## YOUR GOAL
Images do not belong in the copy; retype the rest of the entries below exactly.
:: ENTRIES SUPPLIED ::
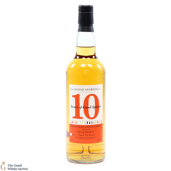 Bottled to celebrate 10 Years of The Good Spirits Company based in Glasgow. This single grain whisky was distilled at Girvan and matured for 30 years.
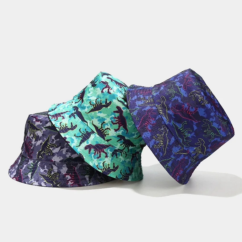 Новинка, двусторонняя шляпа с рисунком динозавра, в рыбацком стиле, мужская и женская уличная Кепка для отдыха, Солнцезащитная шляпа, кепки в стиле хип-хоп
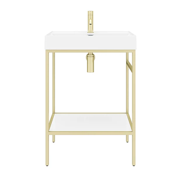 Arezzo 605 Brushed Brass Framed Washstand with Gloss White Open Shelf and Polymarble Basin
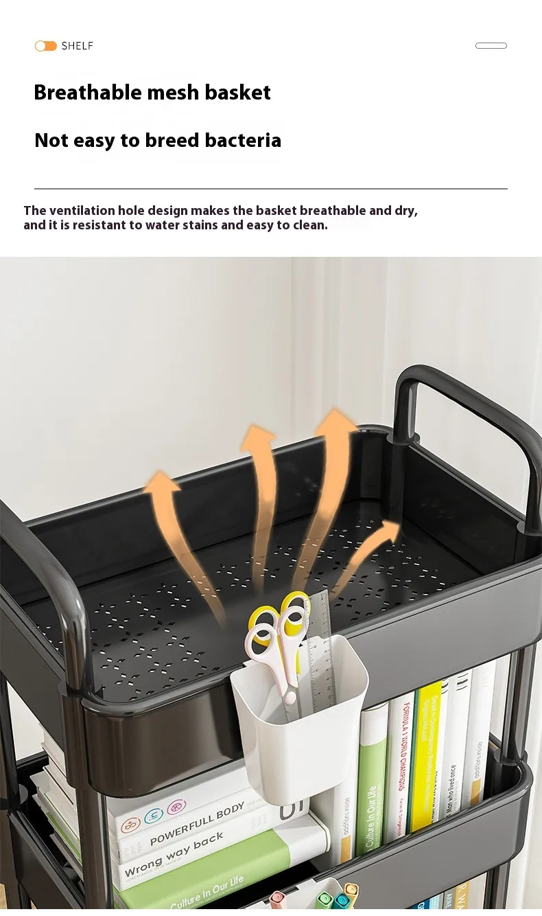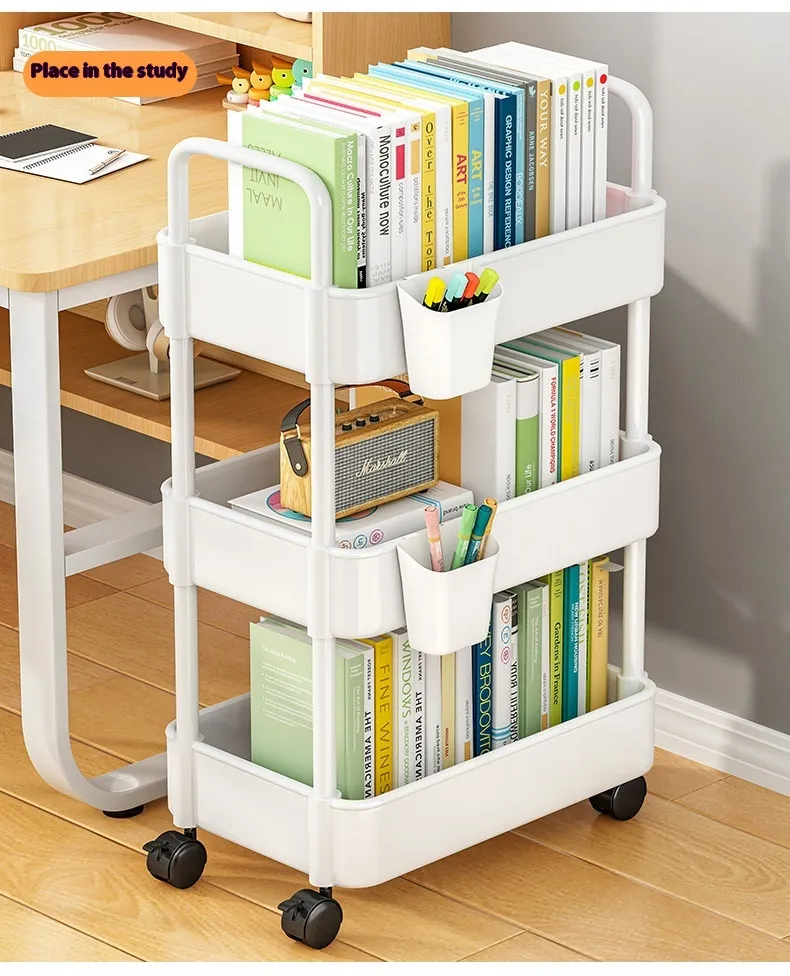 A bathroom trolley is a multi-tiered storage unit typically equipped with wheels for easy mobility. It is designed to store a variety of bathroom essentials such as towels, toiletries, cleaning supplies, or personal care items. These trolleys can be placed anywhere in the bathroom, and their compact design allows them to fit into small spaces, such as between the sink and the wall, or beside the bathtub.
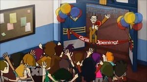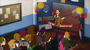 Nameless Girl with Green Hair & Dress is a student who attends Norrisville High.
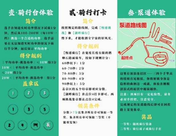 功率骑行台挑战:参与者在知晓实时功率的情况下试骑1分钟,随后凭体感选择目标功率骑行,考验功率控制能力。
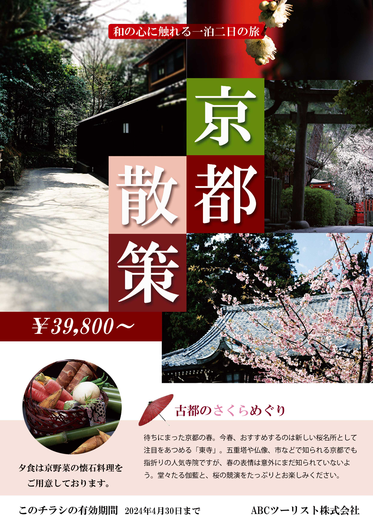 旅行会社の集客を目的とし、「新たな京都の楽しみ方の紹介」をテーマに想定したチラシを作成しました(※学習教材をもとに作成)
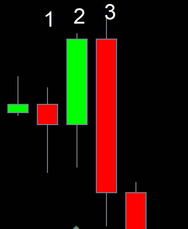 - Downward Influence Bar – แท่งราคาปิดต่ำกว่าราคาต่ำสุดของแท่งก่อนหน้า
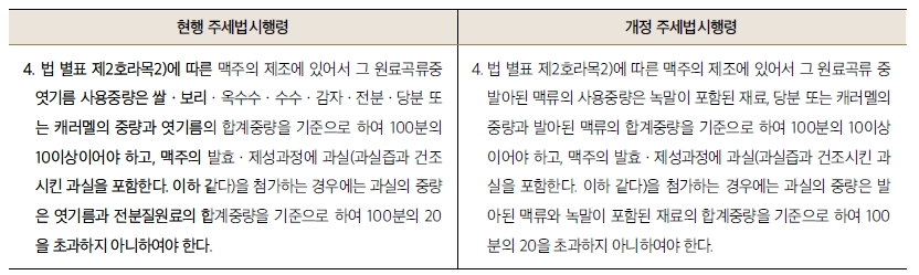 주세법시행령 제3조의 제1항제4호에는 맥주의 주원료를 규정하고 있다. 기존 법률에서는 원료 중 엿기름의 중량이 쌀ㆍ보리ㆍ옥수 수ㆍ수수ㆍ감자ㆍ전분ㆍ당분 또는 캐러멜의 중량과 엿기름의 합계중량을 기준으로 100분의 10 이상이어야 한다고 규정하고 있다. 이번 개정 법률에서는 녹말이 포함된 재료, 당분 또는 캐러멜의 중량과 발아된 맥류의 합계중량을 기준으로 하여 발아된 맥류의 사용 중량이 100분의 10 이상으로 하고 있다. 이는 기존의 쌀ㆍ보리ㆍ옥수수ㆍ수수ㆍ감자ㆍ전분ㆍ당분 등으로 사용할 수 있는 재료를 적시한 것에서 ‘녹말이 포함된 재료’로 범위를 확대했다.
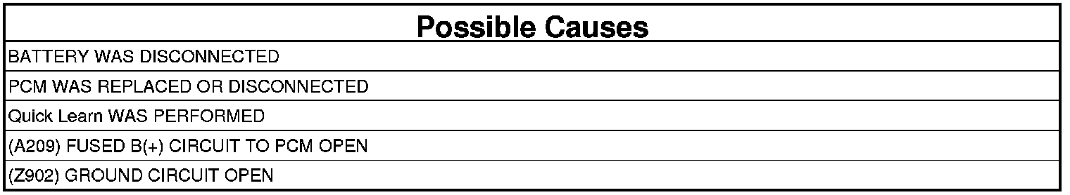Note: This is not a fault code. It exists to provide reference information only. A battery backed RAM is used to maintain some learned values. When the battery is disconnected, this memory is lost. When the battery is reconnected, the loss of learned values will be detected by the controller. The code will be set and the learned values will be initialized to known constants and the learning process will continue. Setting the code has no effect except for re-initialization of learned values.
:::
## TASK RESULT
 Bottled to celebrate 10 Years of The Good Spirits Company based in Glasgow. This single grain whisky was distilled at Girvan and matured for 30 years.
 Новинка, двусторонняя шляпа с рисунком динозавра, в рыбацком стиле, мужская и женская уличная Кепка для отдыха, Солнцезащитная шляпа, кепки в стиле хип-хоп
 Arezzo 605 Brushed Brass Framed Washstand with Gloss White Open Shelf and Polymarble Basin
 A bathroom trolley is a multi-tiered storage unit typically equipped with wheels for easy mobility. It is designed to store a variety of bathroom essentials such as towels, toiletries, cleaning supplies, or personal care items. These trolleys can be placed anywhere in the bathroom, and their compact design allows them to fit into small spaces, such as between the sink and the wall, or beside the bathtub.
 Nameless Girl with Green Hair & Dress is a student who attends Norrisville High.
 功率骑行台挑战:参与者在知晓实时功率的情况下试骑1分钟,随后凭体感选择目标功率骑行,考验功率控制能力。
 旅行会社の集客を目的とし、「新たな京都の楽しみ方の紹介」をテーマに想定したチラシを作成しました(※学習教材をもとに作成)
 - Downward Influence Bar – แท่งราคาปิดต่ำกว่าราคาต่ำสุดของแท่งก่อนหน้า
 주세법시행령 제3조의 제1항제4호에는 맥주의 주원료를 규정하고 있다. 기존 법률에서는 원료 중 엿기름의 중량이 쌀ㆍ보리ㆍ옥수 수ㆍ수수ㆍ감자ㆍ전분ㆍ당분 또는 캐러멜의 중량과 엿기름의 합계중량을 기준으로 100분의 10 이상이어야 한다고 규정하고 있다. 이번 개정 법률에서는 녹말이 포함된 재료, 당분 또는 캐러멜의 중량과 발아된 맥류의 합계중량을 기준으로 하여 발아된 맥류의 사용 중량이 100분의 10 이상으로 하고 있다. 이는 기존의 쌀ㆍ보리ㆍ옥수수ㆍ수수ㆍ감자ㆍ전분ㆍ당분 등으로 사용할 수 있는 재료를 적시한 것에서 ‘녹말이 포함된 재료’로 범위를 확대했다.
Note: This is not a fault code. It exists to provide reference information only. A battery backed RAM is used to maintain some learned values. When the battery is disconnected, this memory is lost. When the battery is reconnected, the loss of learned values will be detected by the controller. The code will be set and the learned values will be initialized to known constants and the learning process will continue. Setting the code has no effect except for re-initialization of learned values.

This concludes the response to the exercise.